I also notice a bit of territorialism there. I've seen enough of that to recognize it when I see it. Is it possible for me to become territorial? Sure. You don't want me to, and I don't want to because it doesn't foster good teamwork.

So, I'll reiterate my point. You foster a good working relationship, your crew will bend over backward to help you out. I hope you really do foster a good relationship with the people you work with.

Please don't get me wrong. I'm all for respecting the chain of command. Accepting that is part of accepting the job. You know where you fit and what your role is. I hope you also noticed that in my original post in this thread that I wouldn't be all that comfy with a Tech appearing to delegate a task to me, were I the nurse. In fact, that tech and I would have a discussion about that. I have had to have that discussion with certain subordinates, in a previous job. If they kept doing the behavior, it usually resulted in the matter being escalated and they were usually pretty quickly out of a job.

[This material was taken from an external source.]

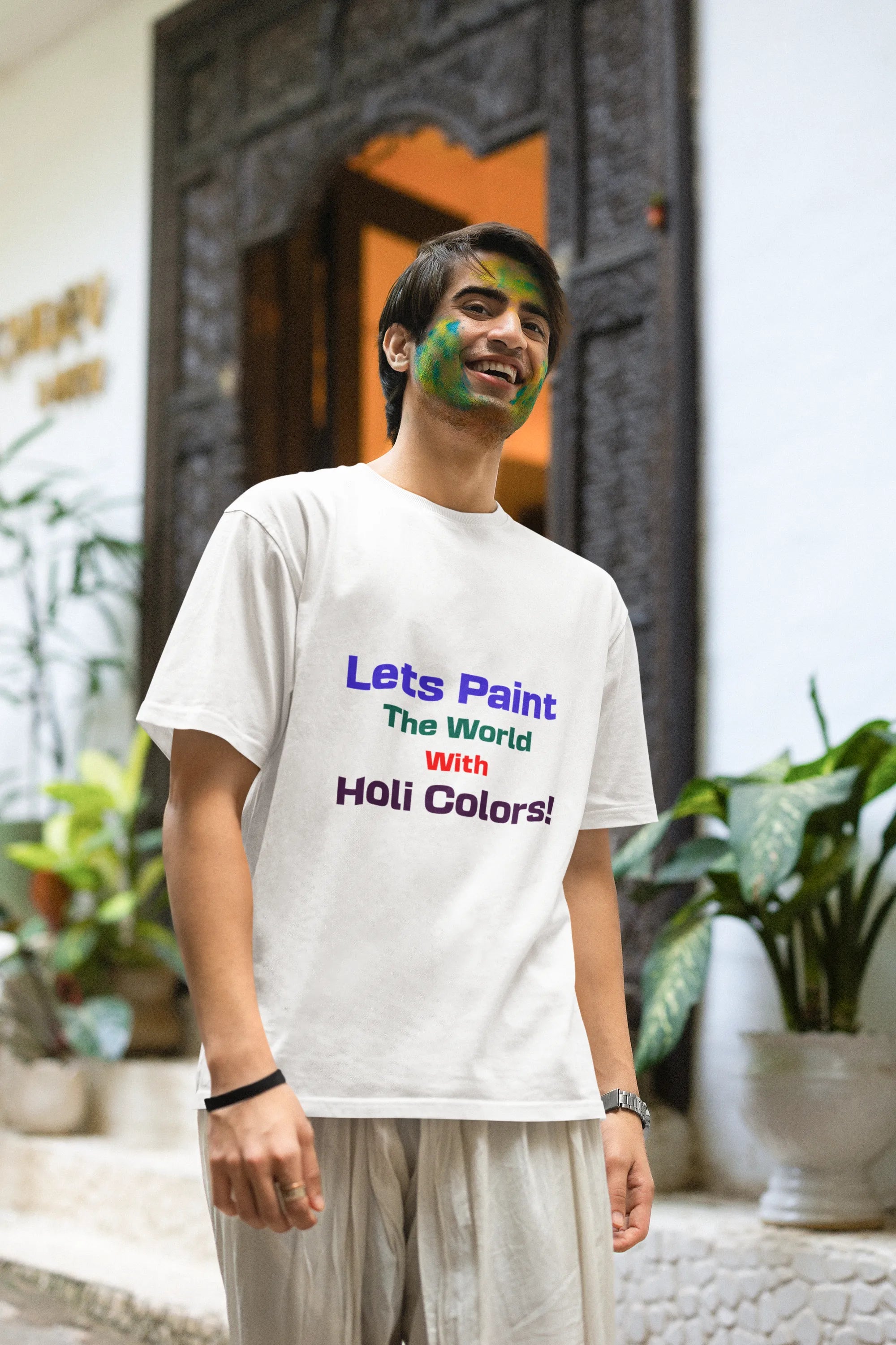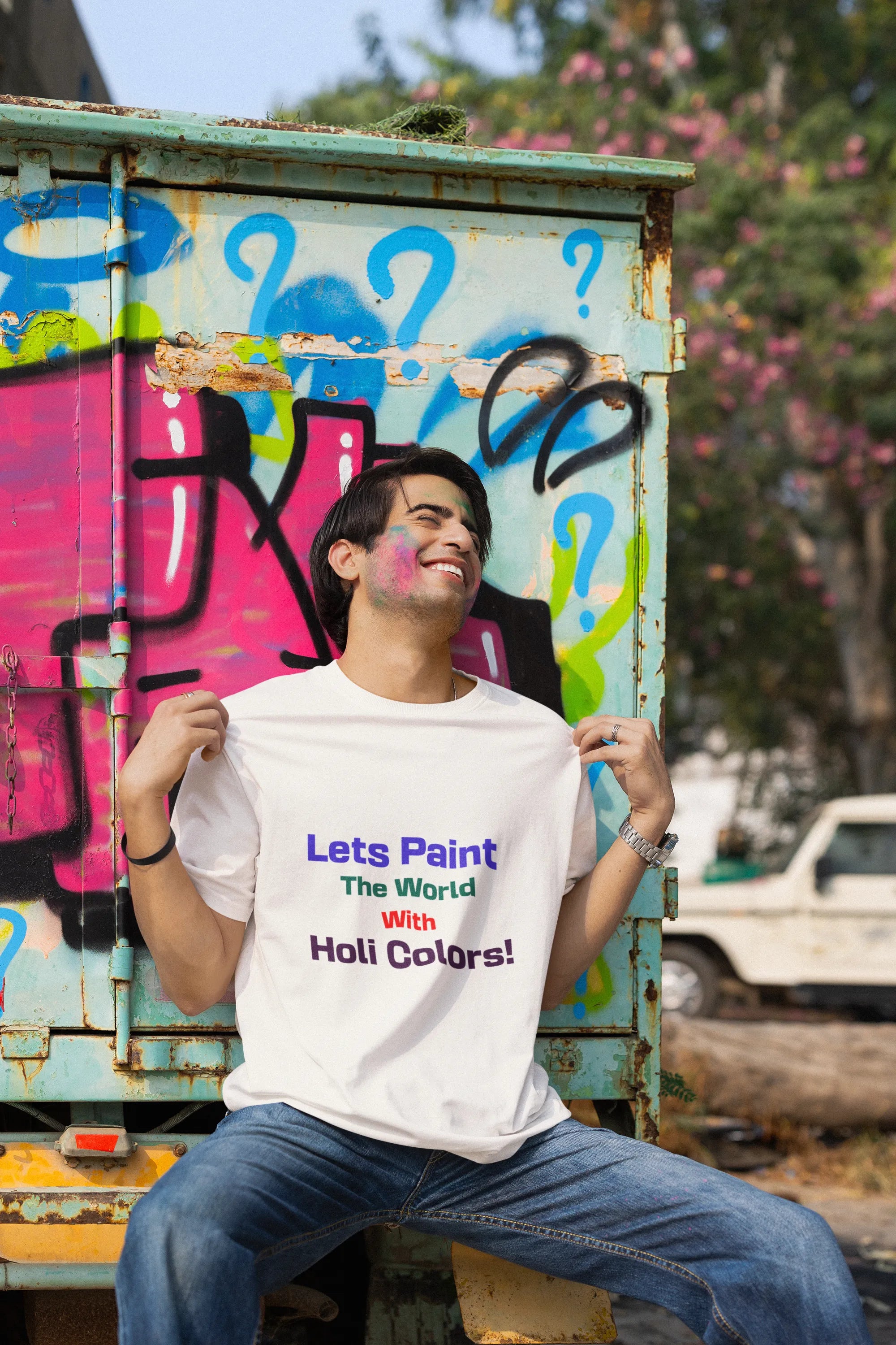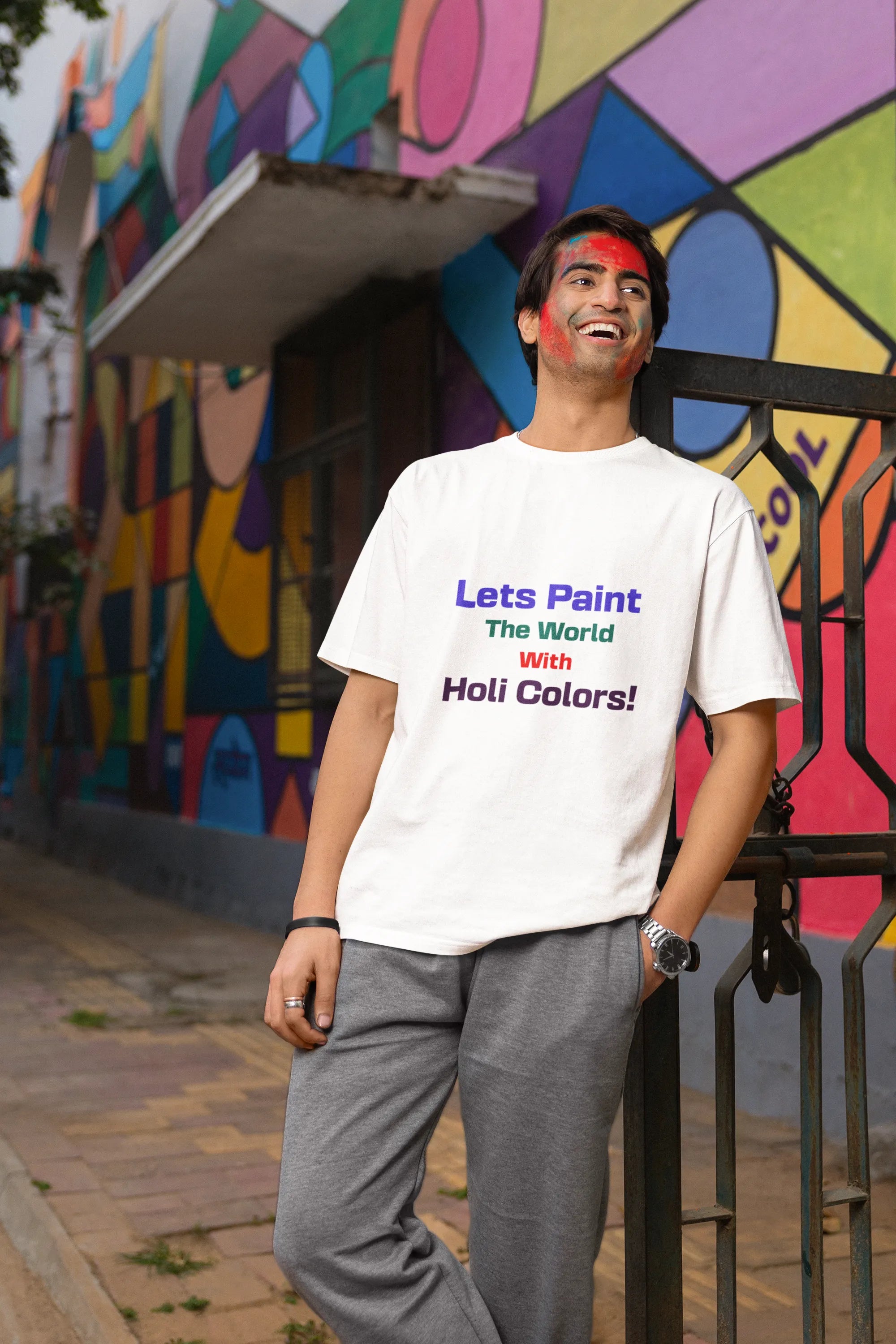 The "Let's Paint the World with Holi Colors" T-shirt design bursts with vibrant splashes of color, capturing the festive spirit of Holi. Featuring playful brush strokes, color splatters, and bold typography, it radiates joy, unity, and celebration, making it the perfect festive wear.

I would also assume that they are not there to intimidate and frustrate the nurse under a high stress, saturated workload environment. They help [not delegate, not run, not supervise, not antagonize, not exert superiority complex, not (feel in the blank)] and do a DARN GOOD JOB!

I'm sure no nurse wants to be called master. I believe nurses want to be respected for the education and experience that we bring to the table. And add in a side order of AUTONOMY, so that every joe, dick, Tom, Harry and Jessica won't think they are qualified to boss us around.

I agree. However, I feel like you're generalizing a particular situation to all techs. If it's such a problem, why not discuss it with them? Perhaps you just took what they said the wrong way?

Also, when you said that "if this were a male dominated profession, this wouldn't even be up for discussion", can you please explain to me how that pertains to this situation and how having this profession be dominated by males would have changed things? I'm just curious.

Dude, you totally missed the point of that post. Most techs don't get paid to know that information. And actually, all of the techs I work with have a pretty good idea about important lab values. Quit generalizing. All of our techs know the first thing to check in a rapid response is blood sugar.

Have you ever heard of the saying if you have a problem with everyone, maybe you should look at the common denominator in the equation?

Isn't checking glucose part of most RRT protocols? You seem to make it sound like they saved the day because they thought to check the glucose. Or, maybe you meant that to be insulting.

The nurses in the southern part of the US make a lot less than those in California or New York. Does that mean those in the south should know less? Many RNs are under paid but they are still required to have a good working knowledge of why they are doing things to patients.

Fluffing off the importance of education in any profession is not the way to advance regardless of what your title is.

My statements for the education of the Paramedic are based on the national curriculum, the survey of education requirement for Paramedics by state and by the number who hold at least an Associates degree. All the data is available on the internet.

The common denominator is those who put more emphasis on the title they held on the ambulance rather than the title, job description and duties of the position they were hired for.

If a Paramedic expects to function as a Paramedic in the ER, may he or should read the job description of ER Tech before applying. But, that does not mean he or she can not advance their education to have a better understanding of why certain things might be asked of them and how patient care as a whole is a carried out.